Photons absorbed on the way
to the observer have only a very low chance to be scattered
into their previous direction by (multiple) re-emission. I
think your arguing only applies to a dense globule with
infinitely often re-emission. Look for an illustration at
our galactic interstellar radiation field: Ther you will
find e.g. the surrounding of Lyman-Alpha void of photons.

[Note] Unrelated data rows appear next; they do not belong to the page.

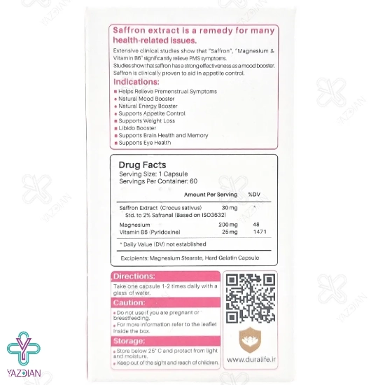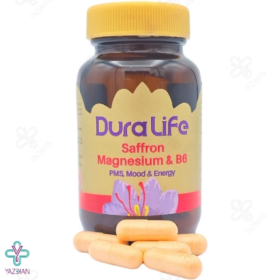 کپسول سافرون منیزیم و ب6 دورالایف فاران شیمی (Faran Shimi Dura Life Saffron Mangnesium And Vitamin B6 60 Caps) یکی از بهترین داروهای تقویتی بدن می باشد که با بهره گیری از ترکیبات مؤثر و مفید خود می تواند عملکرد مغز و حافظه را بهبود بخشیده و سطح انرژی بدن را نیز ارتقا ببخشد. این مکمل همچنین می تواند علائم سندروم پیش از قاعدگی را بهبود بخشیده و برطرف نماید.
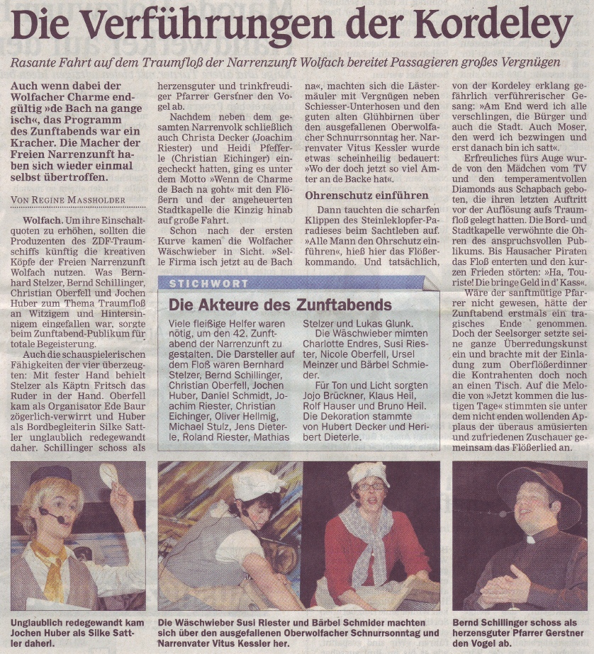 Offenburger Tageblatt 08.02.2010 – Rasante Fahrt auf dem Traumfloß der Narrenzunft Wolfach
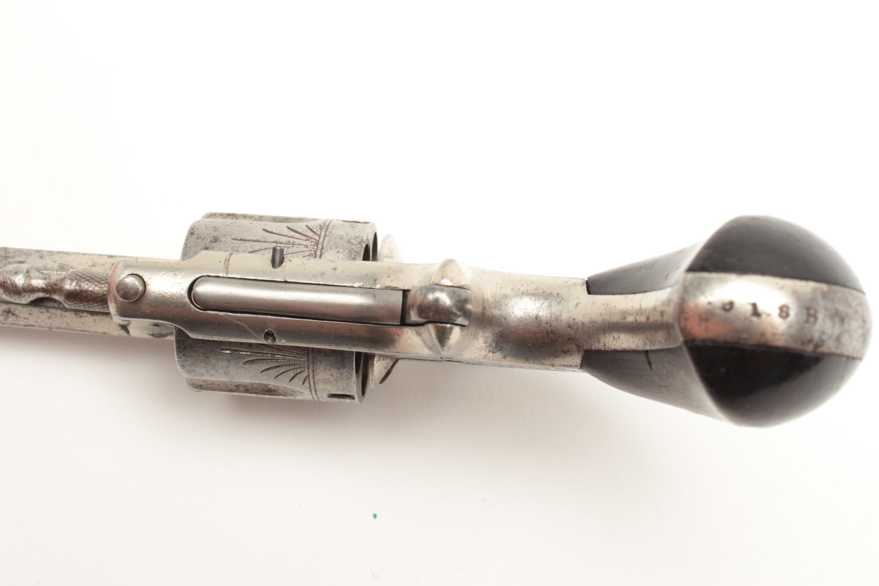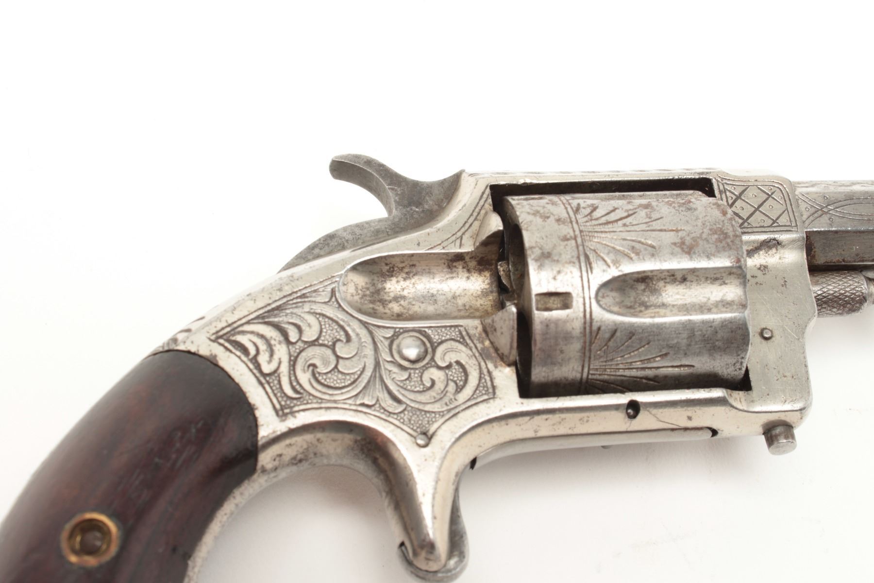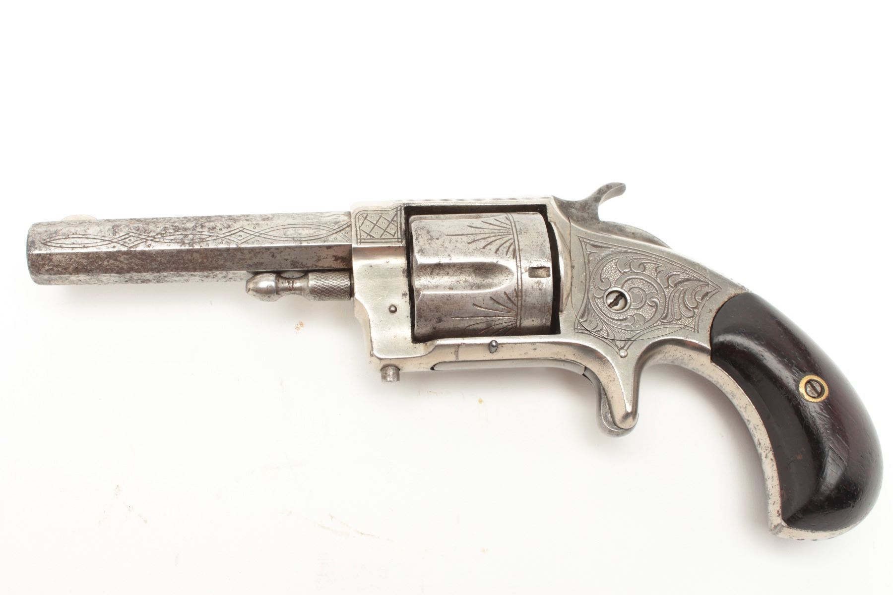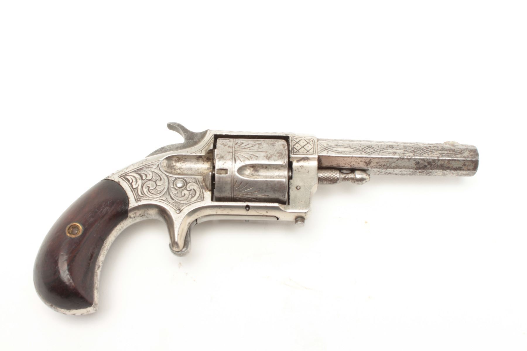 Lot 1154 Whitneyville .38RF caliber spur trigger revolver, nickel finished, engraved with 3.5” long barrel,
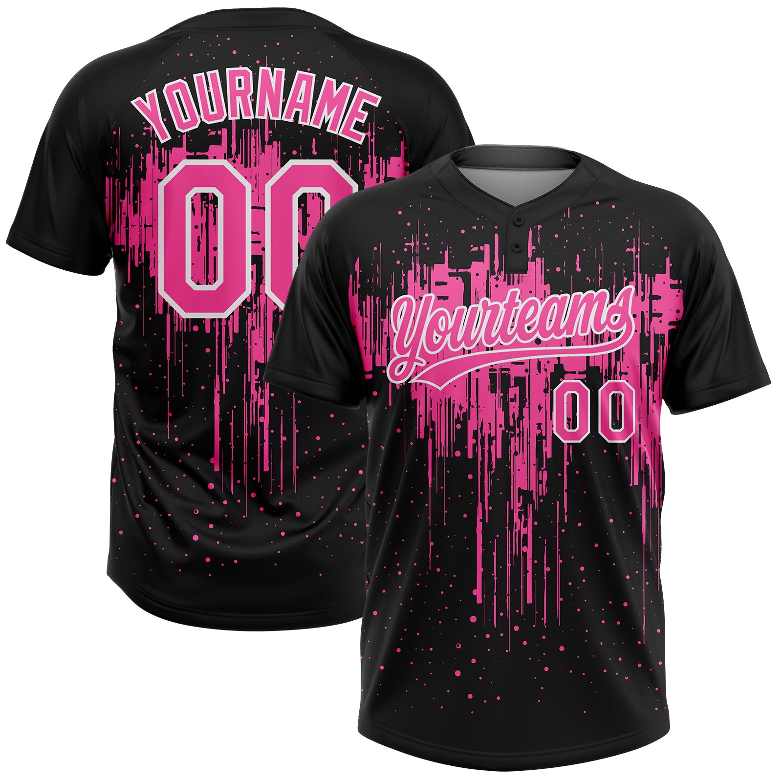 Custom Black Pink-White Dripping Splatter Paint Two-Button Unisex Softball Jersey
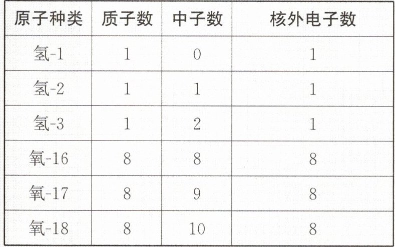 个中子。②表中的三种氢原子和氧-16原子最多可构成
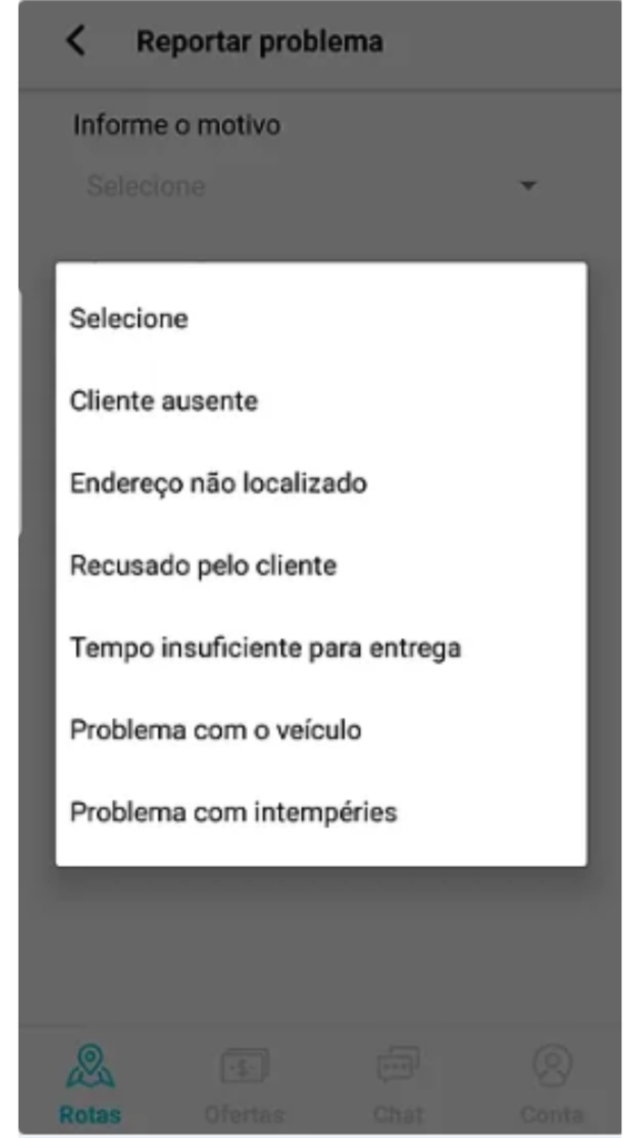 1. Informe o motivo (selecionar uma opção):
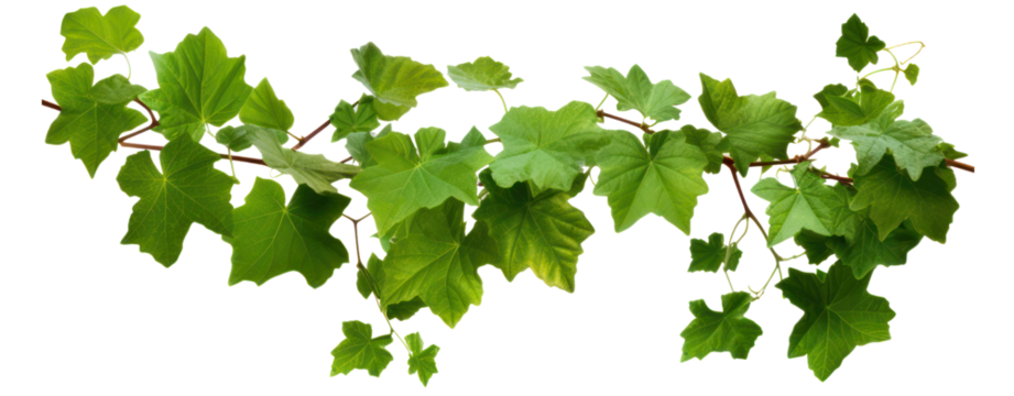 Delicate ivy vines curl and intertwine, their bright green leaves reaching outward, embodying nature’s resilience and ability to flourish in diverse environments, isolated on a transparent background
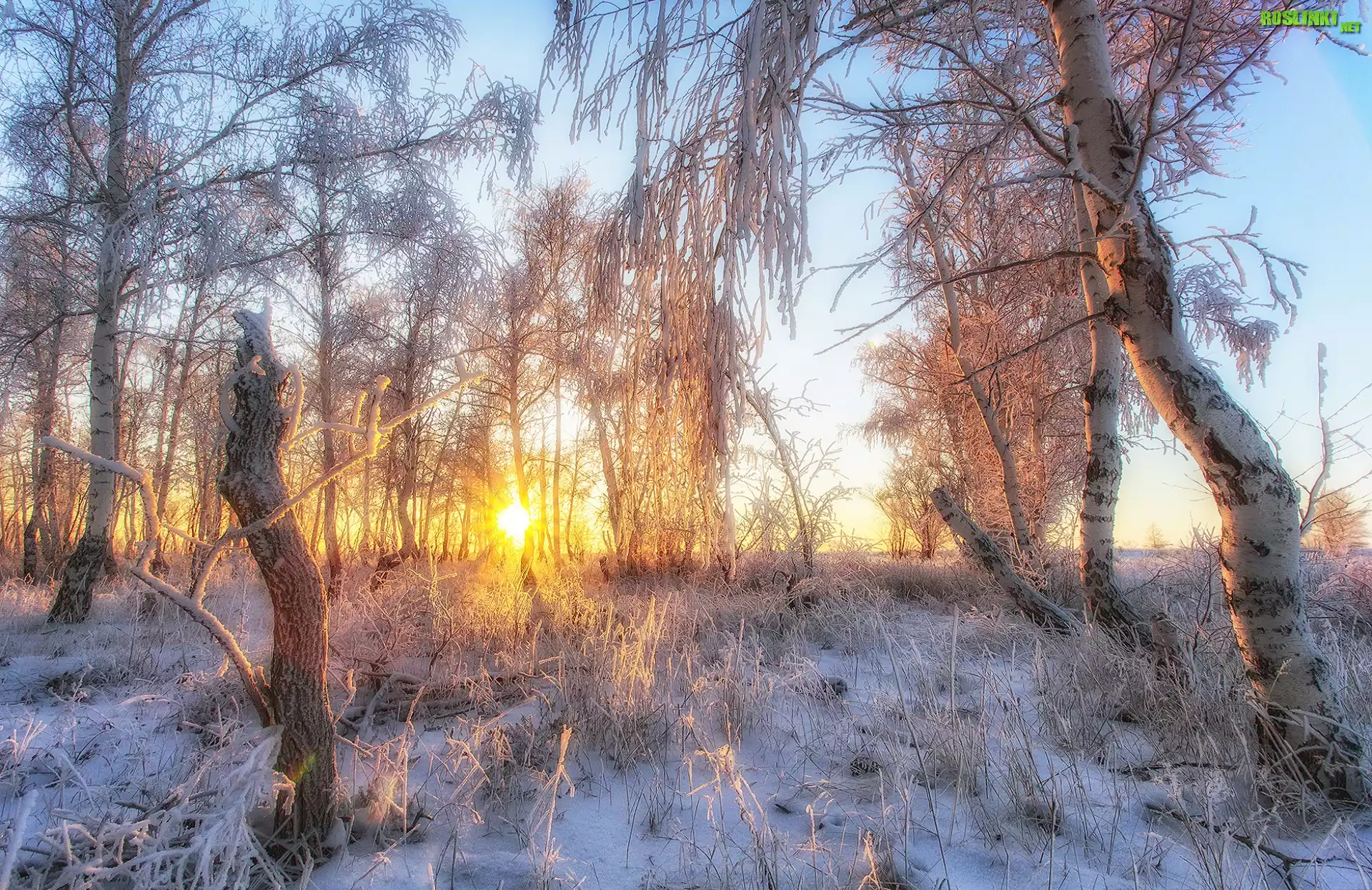 Rośliny: Zima, Brzozy, Oszronione, Gałęzie, Słoneczny, Blask
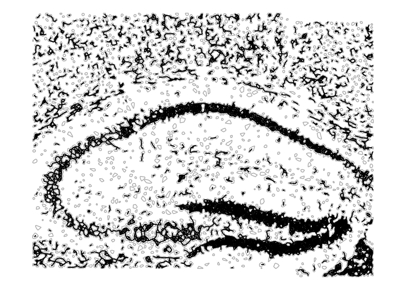 Note that an alternative approach uses the \(k\) nearest neighbors (kNN) method to define the neighborhood graph. Here, we prefer to use a distance-based approach, as it better captures the morphological structure of this tissue area.
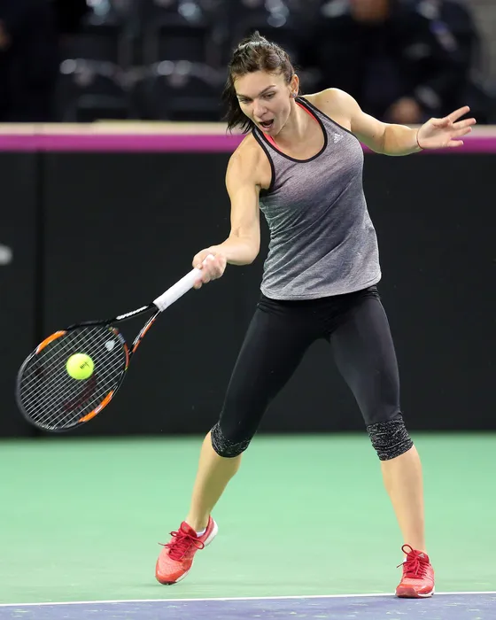 Simona Halep se antreneaza in Sala Polivalenta din Cluj-Napoca, miercuri 3 februarie 2016, inaintea intalnirii, din primul tur al Grupei Mondiale a Fed Cup, dintre Romania si Cehia.
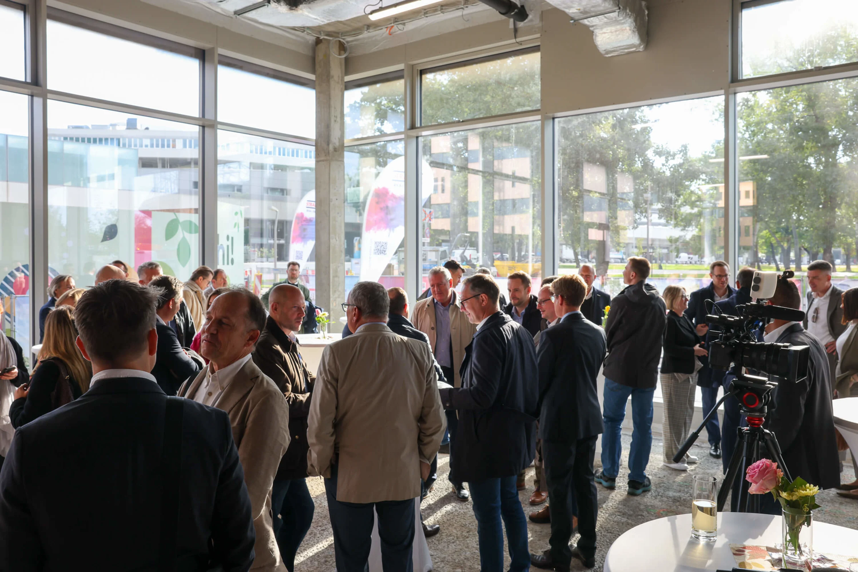 Wie der Weitblick die Skyline des Viertel Zwei in Zukunft optisch prägen wird, konnten die Gäste der Grundsteinlegung sowohl anhand eines virtuellen Drohnenflugs als auch in Form eines 2 Meter hohen Hologramms erleben.
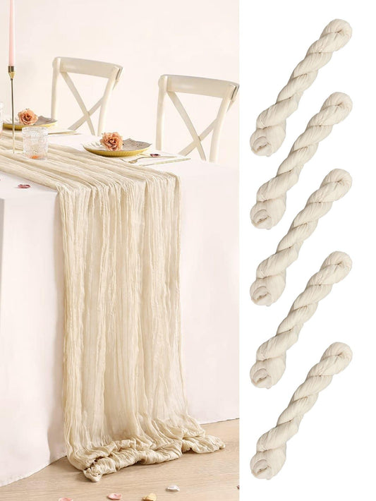 12 Pack Boho Gauze Table Runner Bulk, Rustic Sheer Table Runner 120 inches Long for Wedding Bridal Baby Shower Spring Table Decor
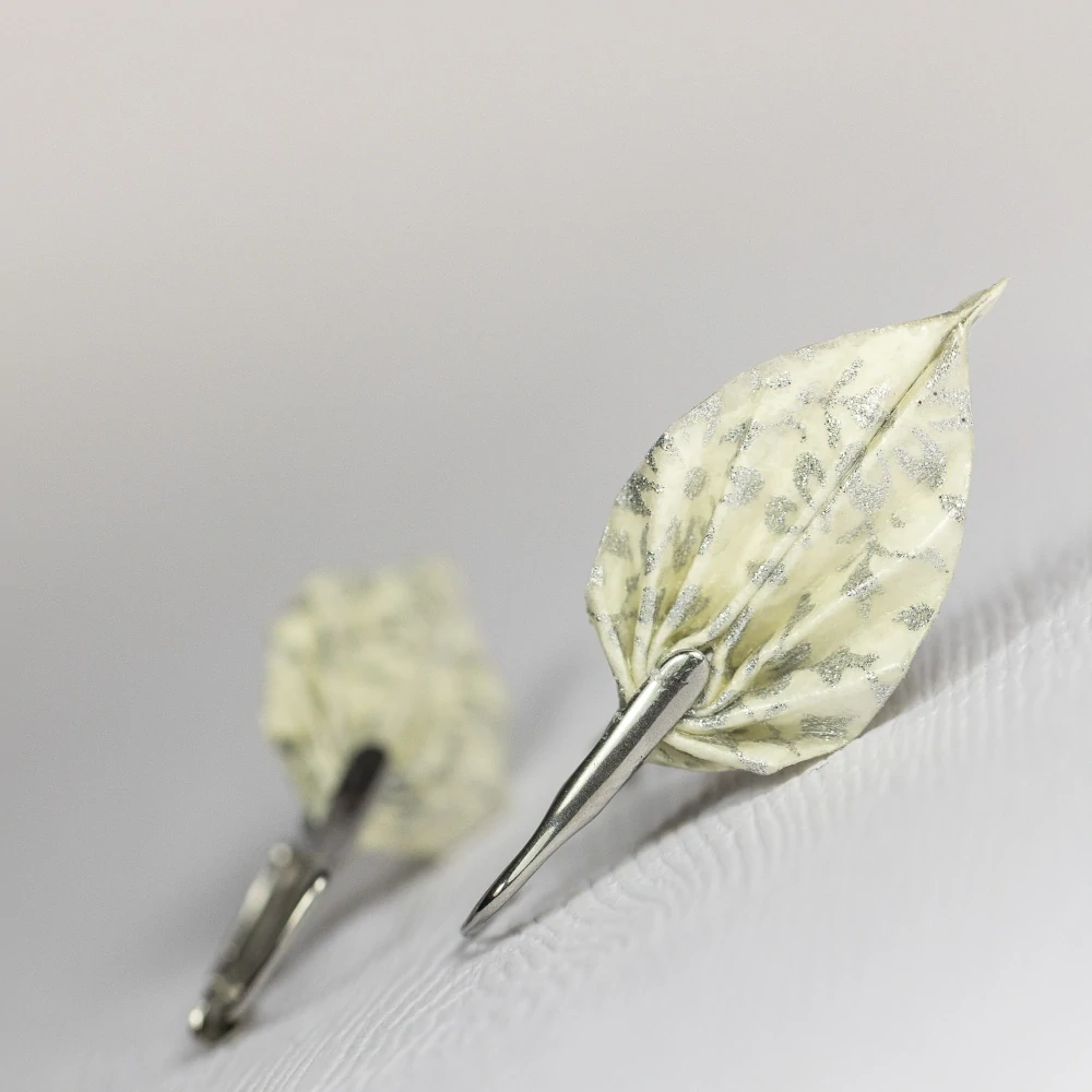 Origami náušnice vytvořené z kvalitního japonského washi papíru. Jsou upevněny na háček z chirurgické oceli vyrobený na zakázku.

The scattering optical depth of the cloud does not really matter. It
only affects the photon density distribution within the cloud, but not
the escape flux. In a steady state, the total Ly-alpha flux leaving
the cloud must be equal to the original flux emitted by the central
galaxy. It could only be reduced if there is a significant amount of
hydrogen in excited states (so that it can be ionized by Ly-alpha), or
if there are other atoms or molecules having a ionization potential
low enough so that they can be ionized by Ly-alpha. But I don't see
anything in that paper in the way of a discussion of these
possibilities.

Thomas


Putting some numbers to your point:

The 1S-2S characteristic BEC hydrogen transition
(generally true for neutral hydrogen in all states)
is at 243 nm (1.23E+15 Hz) with a band width of ~1E6 Hz
Ref: Killian 1S-2S Spectrum of a Hydrogen Bose-Einstein Condensate
Physical Review A 61, 33611 (2000)

What are potential sources of 1.23E+15 Hz +/- 1E6 Hz for reionization?